Nothing but the lines from the first line of the records below to the line holding "(GCP는 프로젝트를 생성하고 나서 작업들을 진행할 수 있음)" belongs in the answer, copied exactly and without pictures.

● **Supplied material**:
::::::::

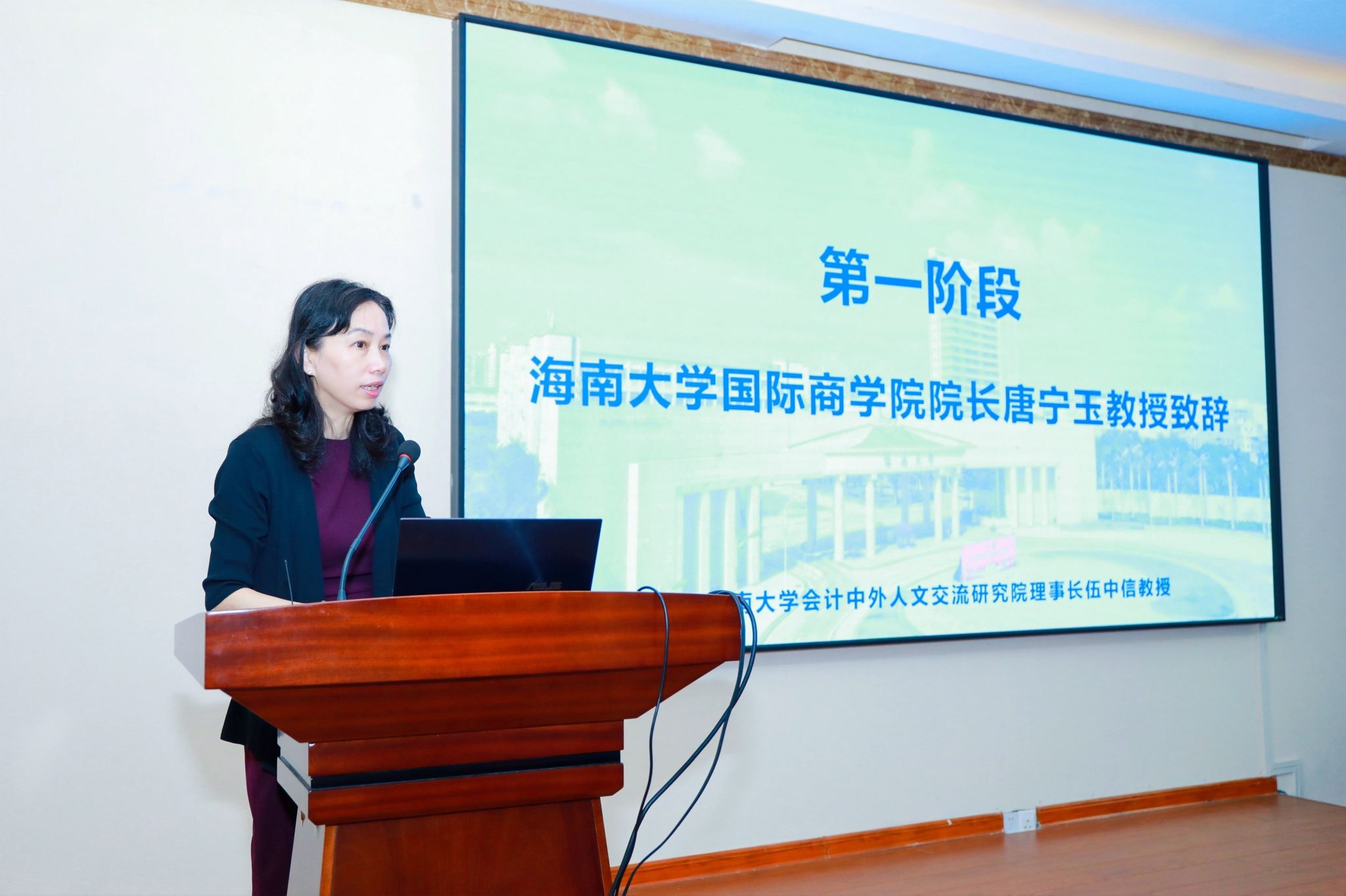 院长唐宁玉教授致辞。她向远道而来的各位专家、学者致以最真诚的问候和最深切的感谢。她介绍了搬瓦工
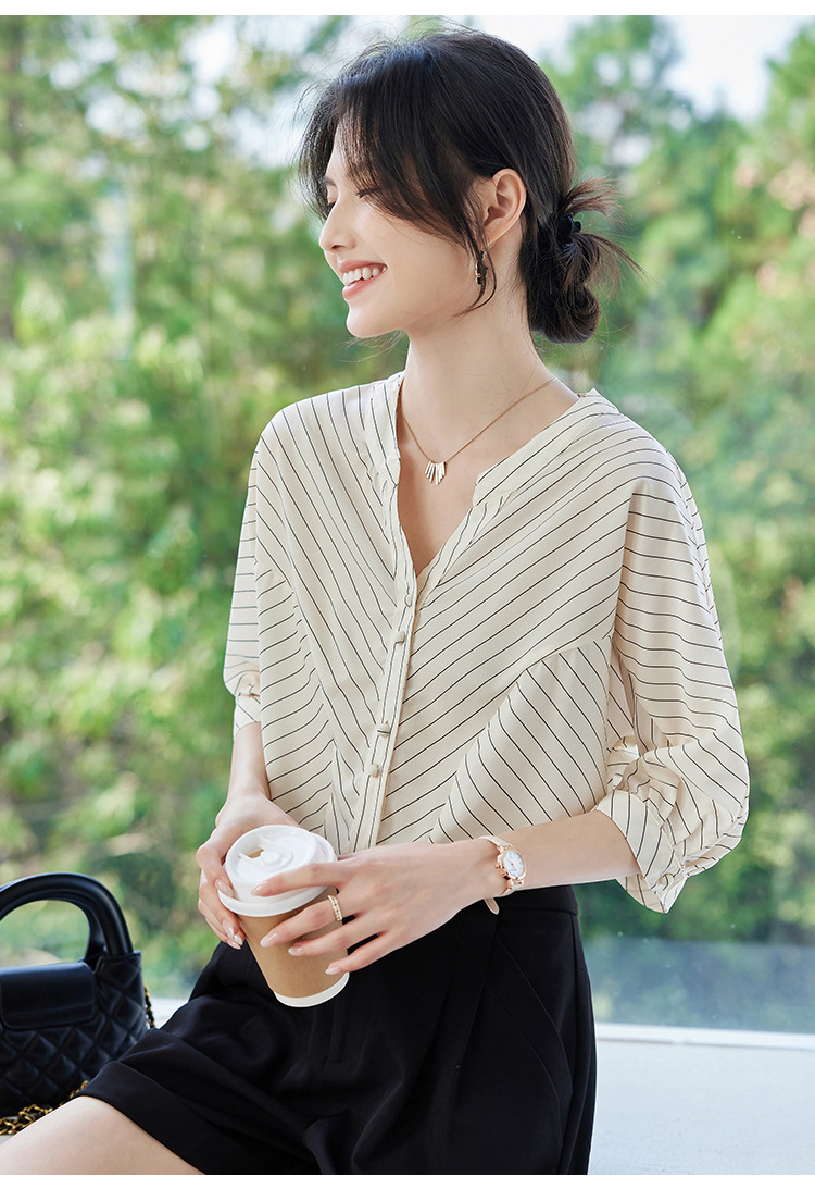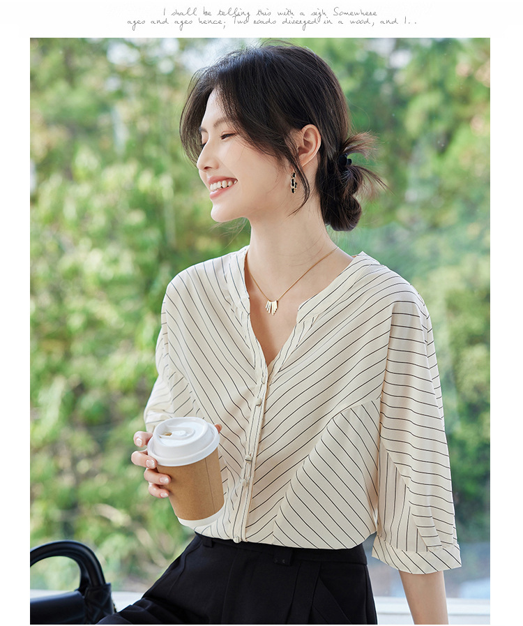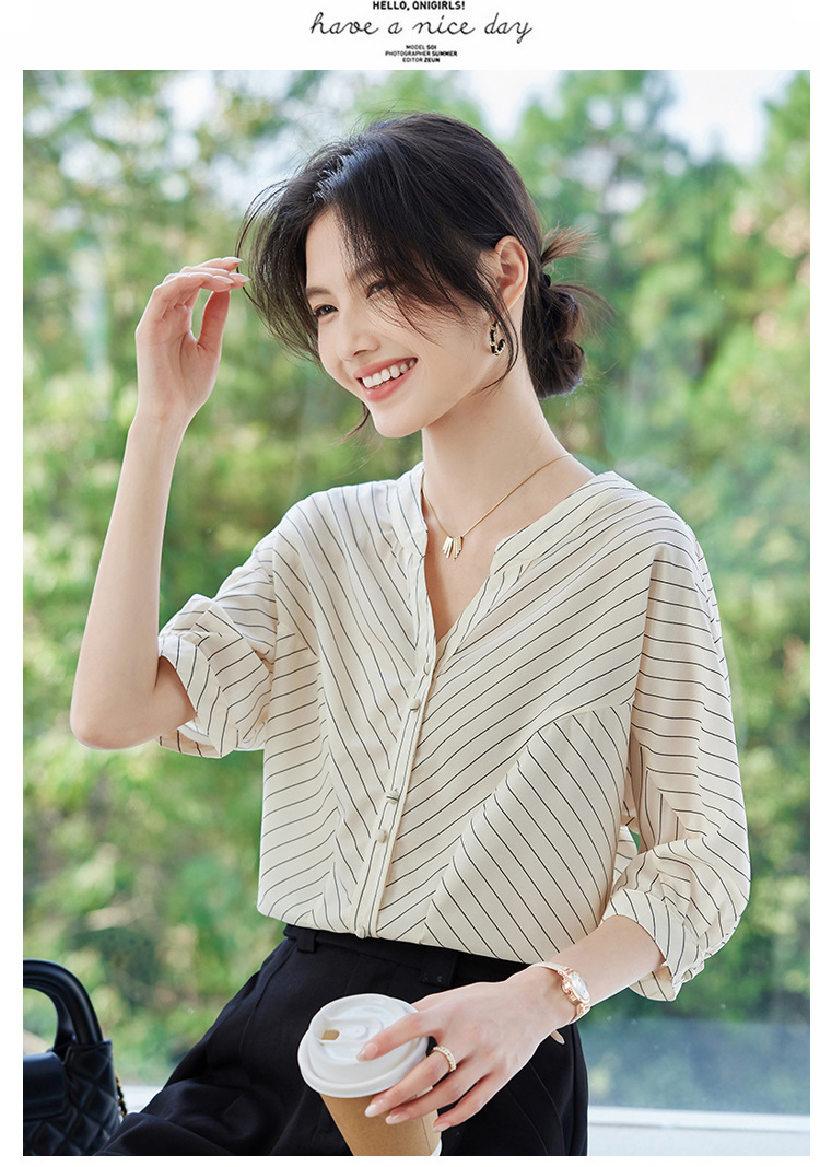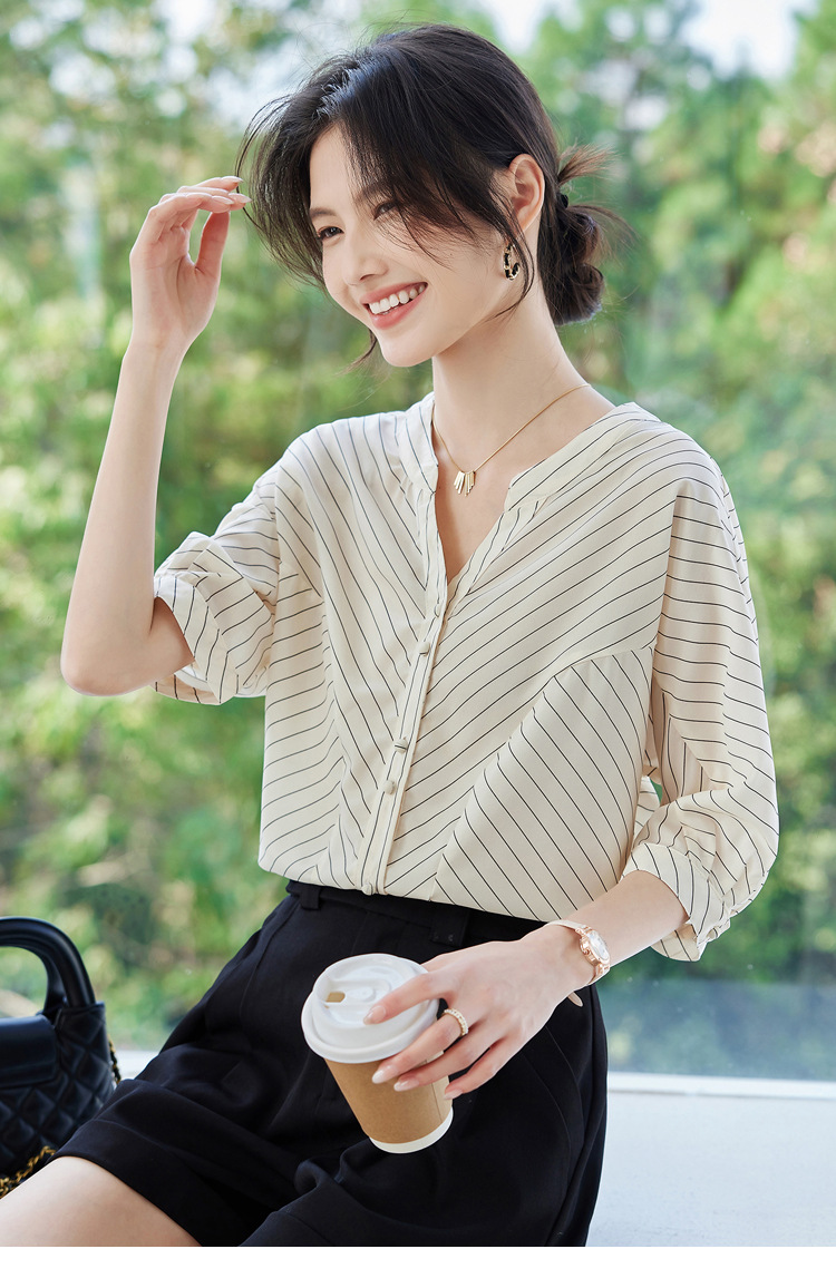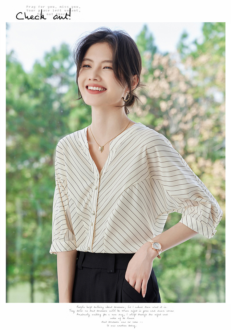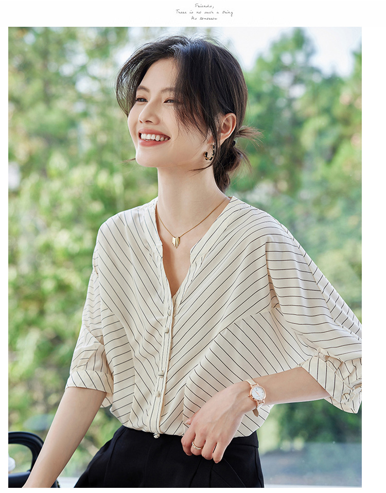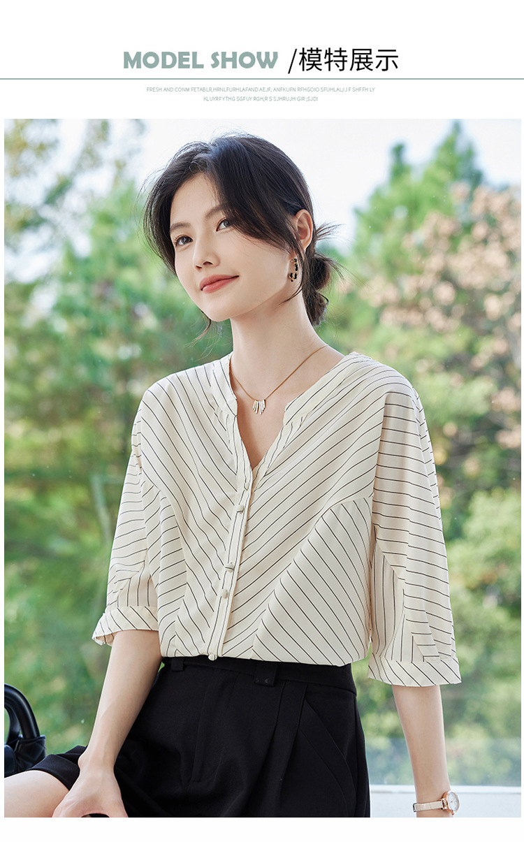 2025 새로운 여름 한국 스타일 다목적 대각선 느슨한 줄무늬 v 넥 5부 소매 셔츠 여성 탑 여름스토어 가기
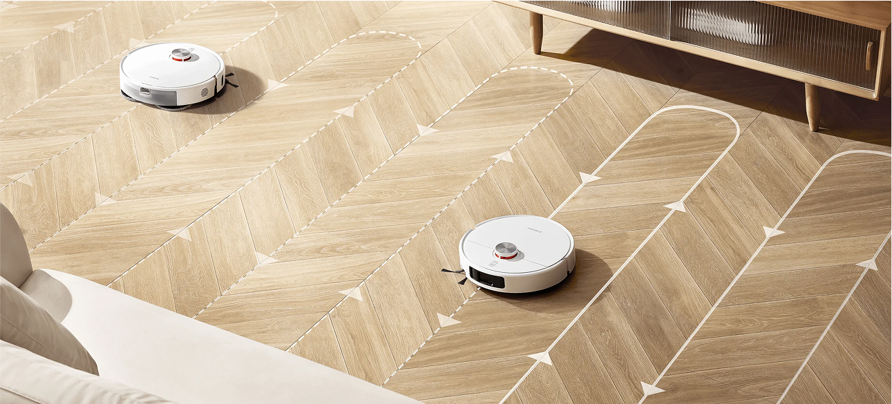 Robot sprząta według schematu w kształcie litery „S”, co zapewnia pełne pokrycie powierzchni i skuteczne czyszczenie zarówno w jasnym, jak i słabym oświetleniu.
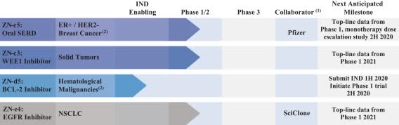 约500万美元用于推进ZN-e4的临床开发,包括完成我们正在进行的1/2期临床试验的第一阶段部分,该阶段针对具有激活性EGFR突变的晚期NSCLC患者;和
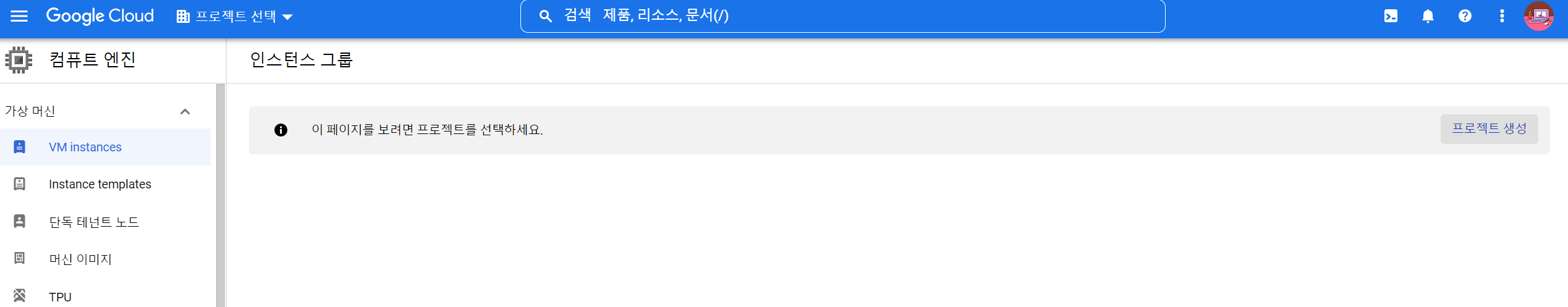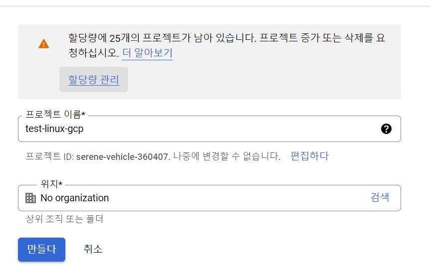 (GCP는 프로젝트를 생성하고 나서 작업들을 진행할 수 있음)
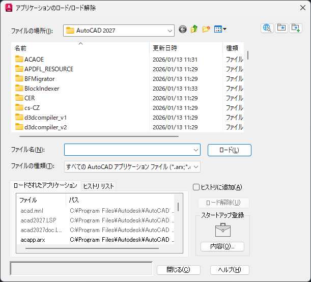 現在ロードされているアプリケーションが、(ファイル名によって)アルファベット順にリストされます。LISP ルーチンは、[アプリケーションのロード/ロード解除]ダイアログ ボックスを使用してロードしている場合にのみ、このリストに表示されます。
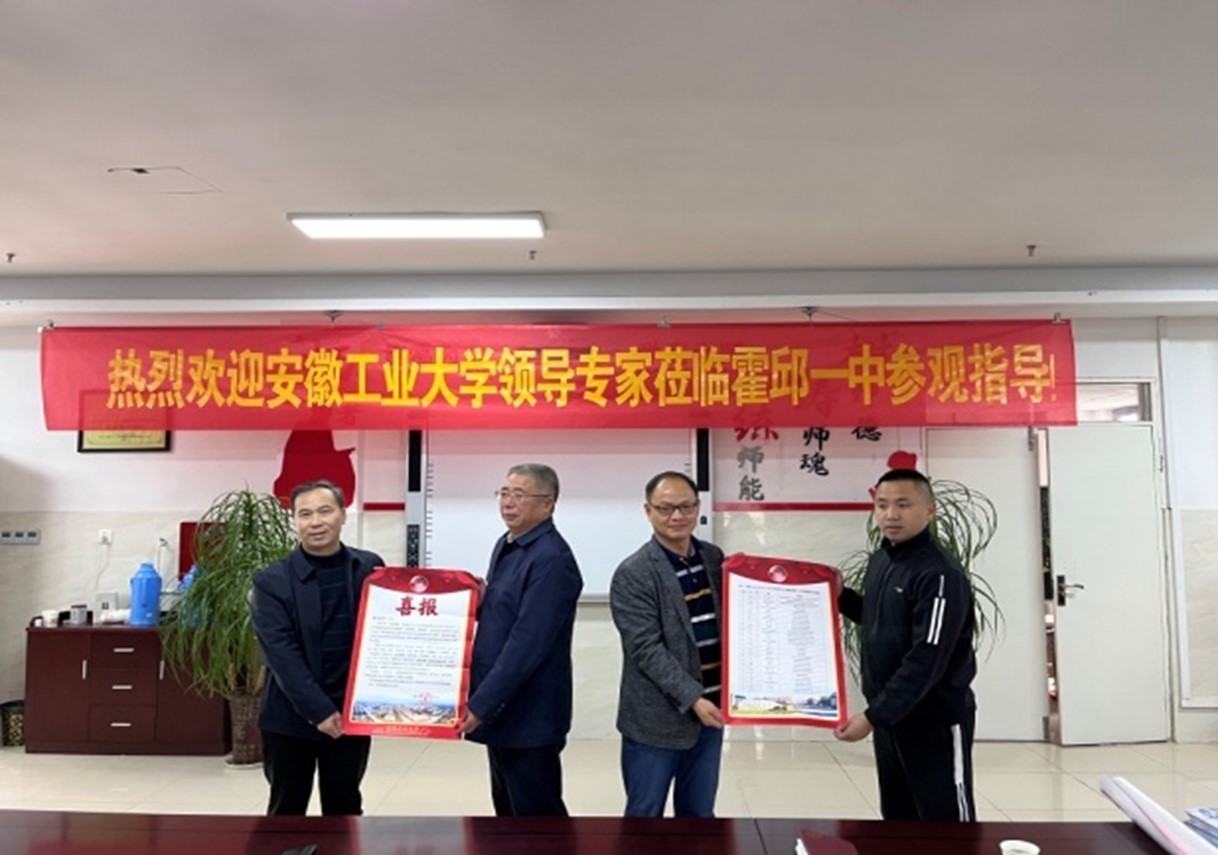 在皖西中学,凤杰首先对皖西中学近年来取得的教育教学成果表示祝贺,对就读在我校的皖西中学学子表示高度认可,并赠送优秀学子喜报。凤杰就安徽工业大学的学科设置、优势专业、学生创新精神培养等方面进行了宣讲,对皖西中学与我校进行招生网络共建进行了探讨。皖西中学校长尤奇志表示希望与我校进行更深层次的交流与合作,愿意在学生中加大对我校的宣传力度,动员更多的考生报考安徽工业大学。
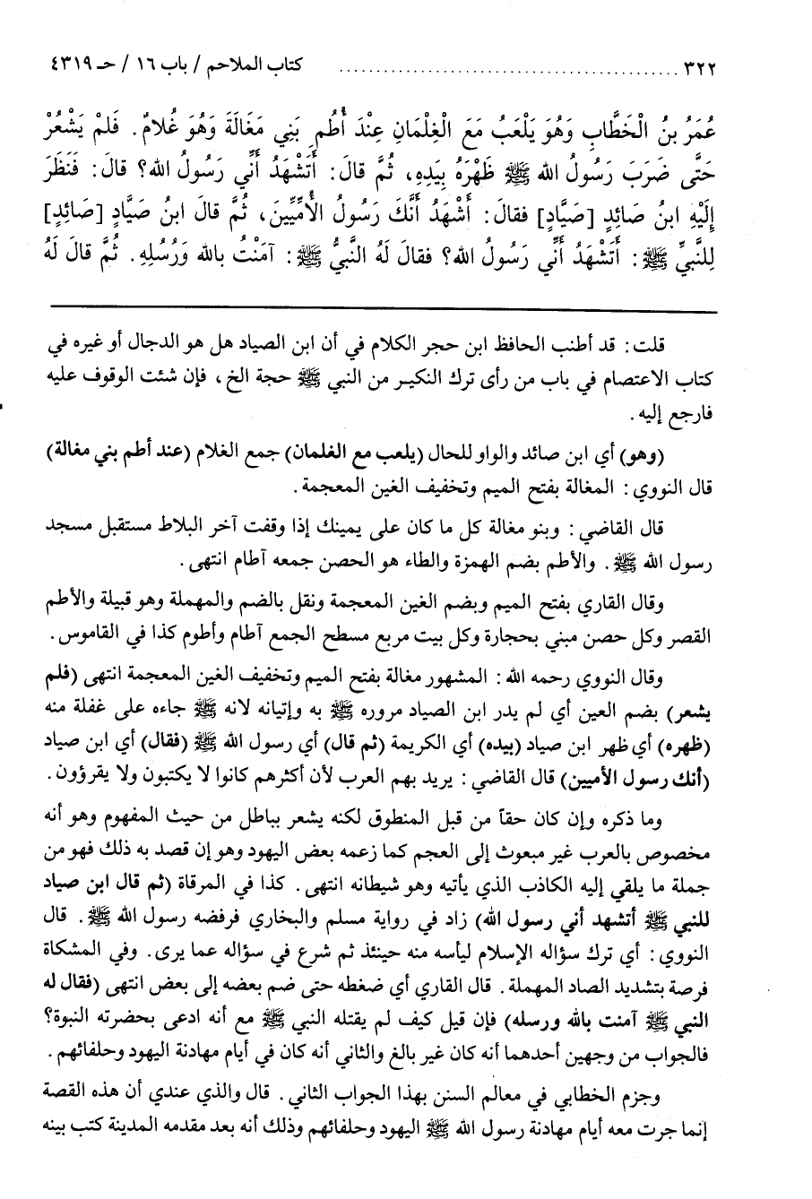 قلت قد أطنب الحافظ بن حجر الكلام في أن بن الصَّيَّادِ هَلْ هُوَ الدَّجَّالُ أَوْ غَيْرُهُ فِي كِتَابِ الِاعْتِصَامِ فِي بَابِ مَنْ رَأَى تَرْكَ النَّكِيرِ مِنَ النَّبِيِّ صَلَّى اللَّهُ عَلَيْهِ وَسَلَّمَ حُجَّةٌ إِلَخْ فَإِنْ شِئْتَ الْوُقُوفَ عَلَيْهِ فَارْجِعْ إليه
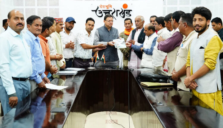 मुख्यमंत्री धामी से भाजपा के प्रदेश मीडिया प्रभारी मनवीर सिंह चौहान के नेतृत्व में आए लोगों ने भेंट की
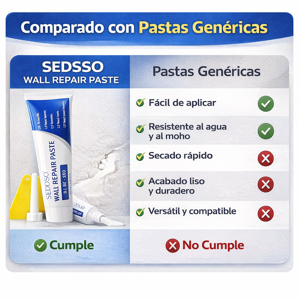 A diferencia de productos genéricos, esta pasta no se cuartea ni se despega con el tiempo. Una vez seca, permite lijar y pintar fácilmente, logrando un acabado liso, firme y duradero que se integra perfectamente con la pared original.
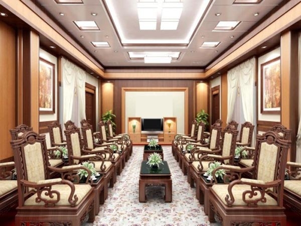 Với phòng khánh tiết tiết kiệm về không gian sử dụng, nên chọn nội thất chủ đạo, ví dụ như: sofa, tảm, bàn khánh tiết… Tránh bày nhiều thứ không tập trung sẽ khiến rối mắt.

::::::::

● **Output for this exercise**:
 院长唐宁玉教授致辞。她向远道而来的各位专家、学者致以最真诚的问候和最深切的感谢。她介绍了搬瓦工
 2025 새로운 여름 한국 스타일 다목적 대각선 느슨한 줄무늬 v 넥 5부 소매 셔츠 여성 탑 여름스토어 가기
 Robot sprząta według schematu w kształcie litery „S”, co zapewnia pełne pokrycie powierzchni i skuteczne czyszczenie zarówno w jasnym, jak i słabym oświetleniu.
 约500万美元用于推进ZN-e4的临床开发,包括完成我们正在进行的1/2期临床试验的第一阶段部分,该阶段针对具有激活性EGFR突变的晚期NSCLC患者;和
 (GCP는 프로젝트를 생성하고 나서 작업들을 진행할 수 있음)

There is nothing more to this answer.